The faded glory of a Sunday
Middelbeers
When we entered Middelbeers, I made a joke. ‘Ha ha, busses cannot even park in Middelbeers’. After ordering our drinks we checked the bus stop schedule to see how much time we would have to drink them. And of course, the bus was off duty. There is no public transport at all on the weekends in Middelbeers. Our waiter confirmed it. Oh, if we had only checked 9292 or my own TMWalker.
I had never experienced the termination of a bus journey due to it not being profitable anymore. Just like any other company, carriers are extra interested in lines that give them the most profit, so buses with a high occupancy rate and regional train lines. Can you blame them? The same thing is going on in the rail market, where NS holds on to the bigger, main routes and leaves the smaller, regional ones to smaller carriers. Reputable carriers drop their smaller lines as these make the least amount of money. Dropping them boosts their average profit and that’s good management, right? Hmmm, why does this sound so familiar?
The bottom of the market
The bottom of the market. That’s where it happens. This is what Clayton Christensen of the Havard Business School ensured me in “The innovator’s Dilemma“, one of the best books ever written about innovation. The most disruptive innovation takes place at the bottom of the market, innovation that changes the business extremely. If this initiative survives the bottom, the organizations will start to invest and its quality will graduadly rise, which pushes the bigger players up.
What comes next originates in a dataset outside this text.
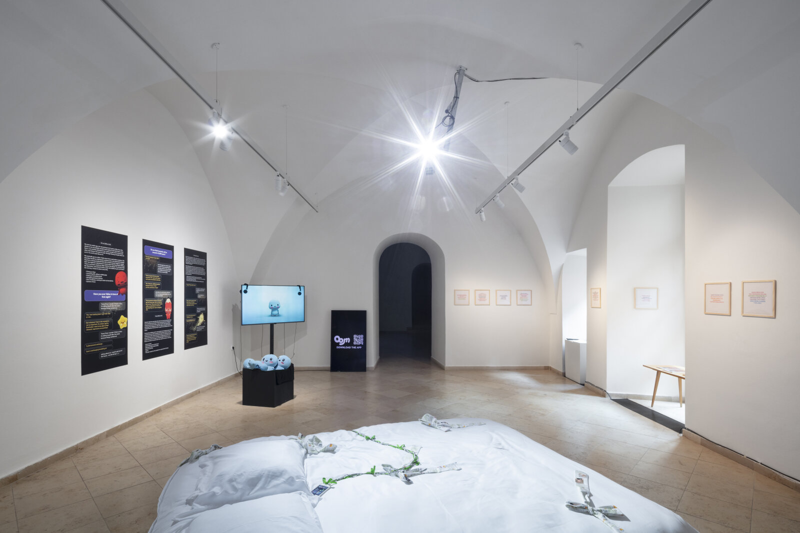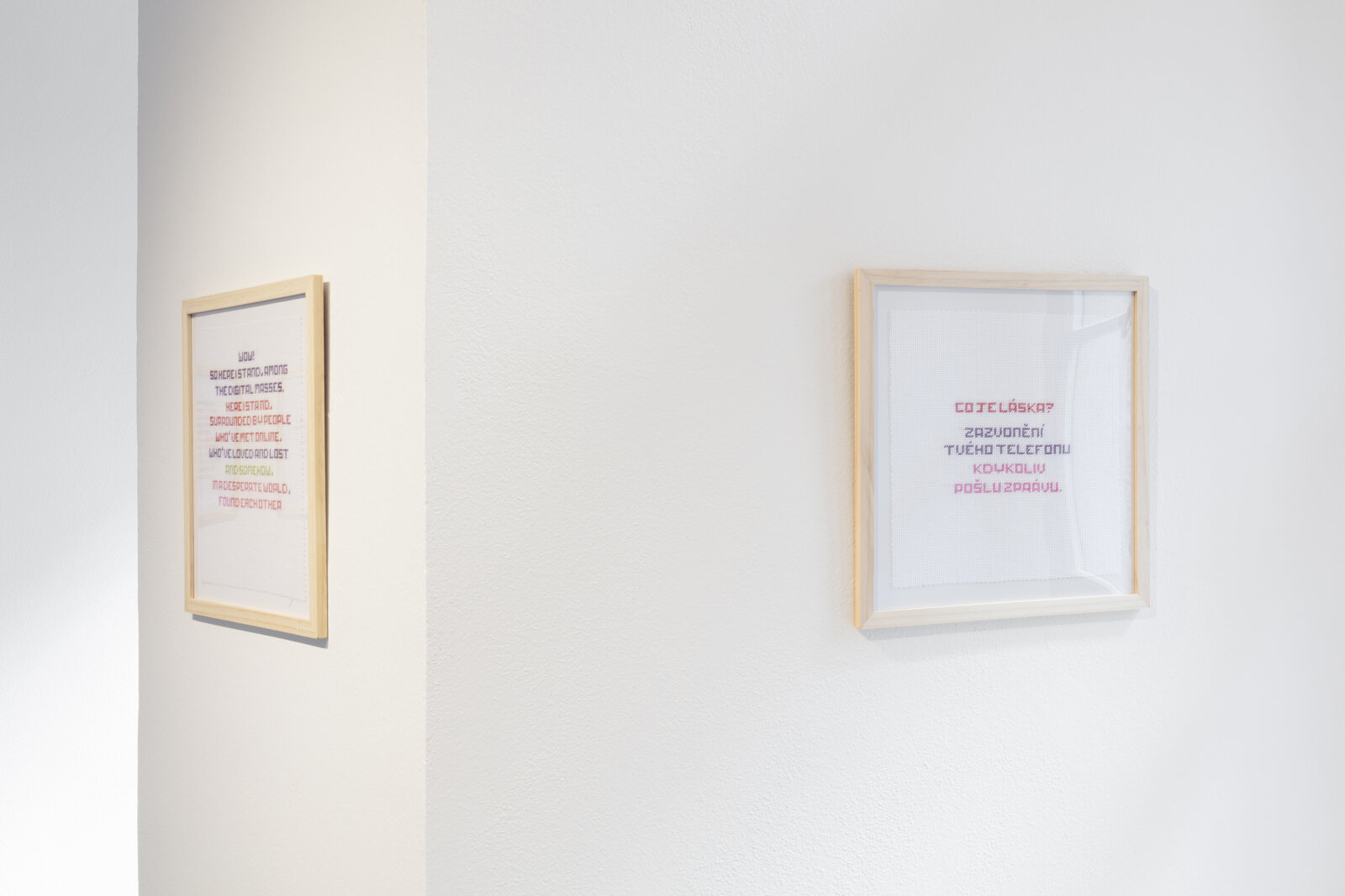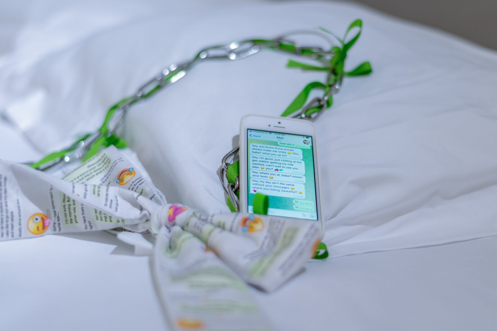 The exhibition Artificial Intimacies explores the rise of recreational romance by drawing parallels between the emotional manipulation of romance scammers and the emergence of companion chatbots like Replika. It examines the gamification of dating apps and reflects on the evolving emotional dynamics between humans and non-humans in the age of AI.
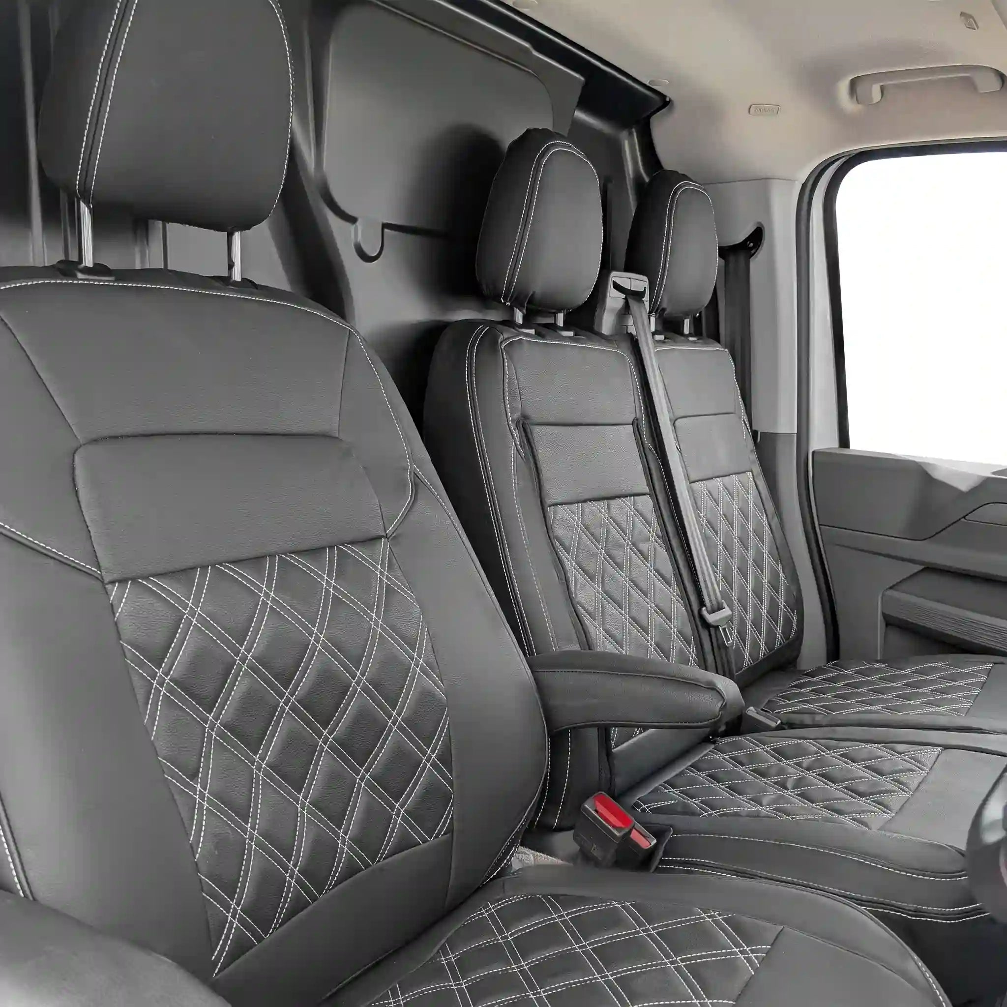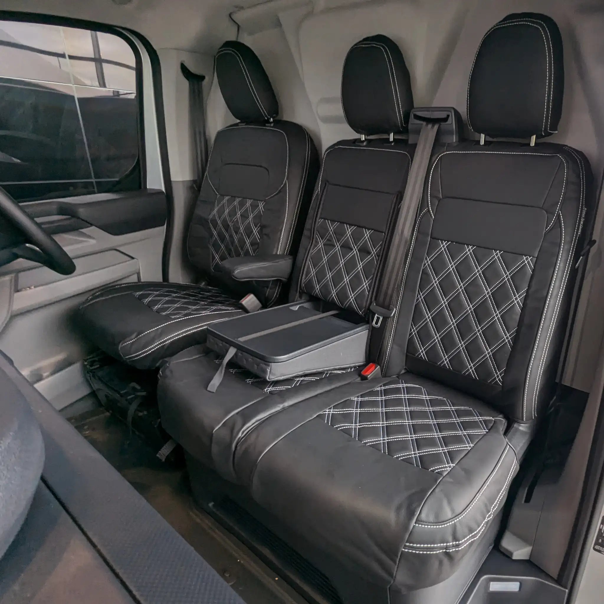If you want your van to look professional and stay protected, these leatherette seat covers for the Ford Transit Custom (2023 onwards) tick every box. Designed specifically for models with or without the handy fold-down tray on the double passenger seat, these covers feature zip access so you won’t lose any storage or functionality.

“I don’t believe it works that way”, I can hear you think, “There are neighboorhood busses and volunteers” and “it’s an unregulated market with concessions and long-lasting contracts that prohibit concurrence”. I can easily mention ten markets that changed in the same way, structurally. Take photography (Kodak), for example, computers (mainframe->pc->smartphone), encyclopedias (Wikipedia), video rental (Netflix). Or take a quick look at Uber or DIY app builders. We can only wait what the future will bring, but I expect a great shift within the next 10 years.
Solution
In our specific case, we took a taxi to our car. The owner of the taxi company took us with his 16-person bus on his free Sunday for a short drive from Middelbeers to Spoordonk, as this was apparently profitable for him. He gave us his business card as he also did larger group transportation. We could always call him. Sadly, we had to pay this monopolist an actual taxi-price :-(. His average occupancy rate (to and fro): 2/16/2 = 6.7%.
In Uden there is an old ZuidOoster bus stop, where our city poet Maarten van den Elzen described the essence of this blog beautifully in 2008: “De dans van het zilveren en koperen muntgeld” (The dance of the silver and copper coin).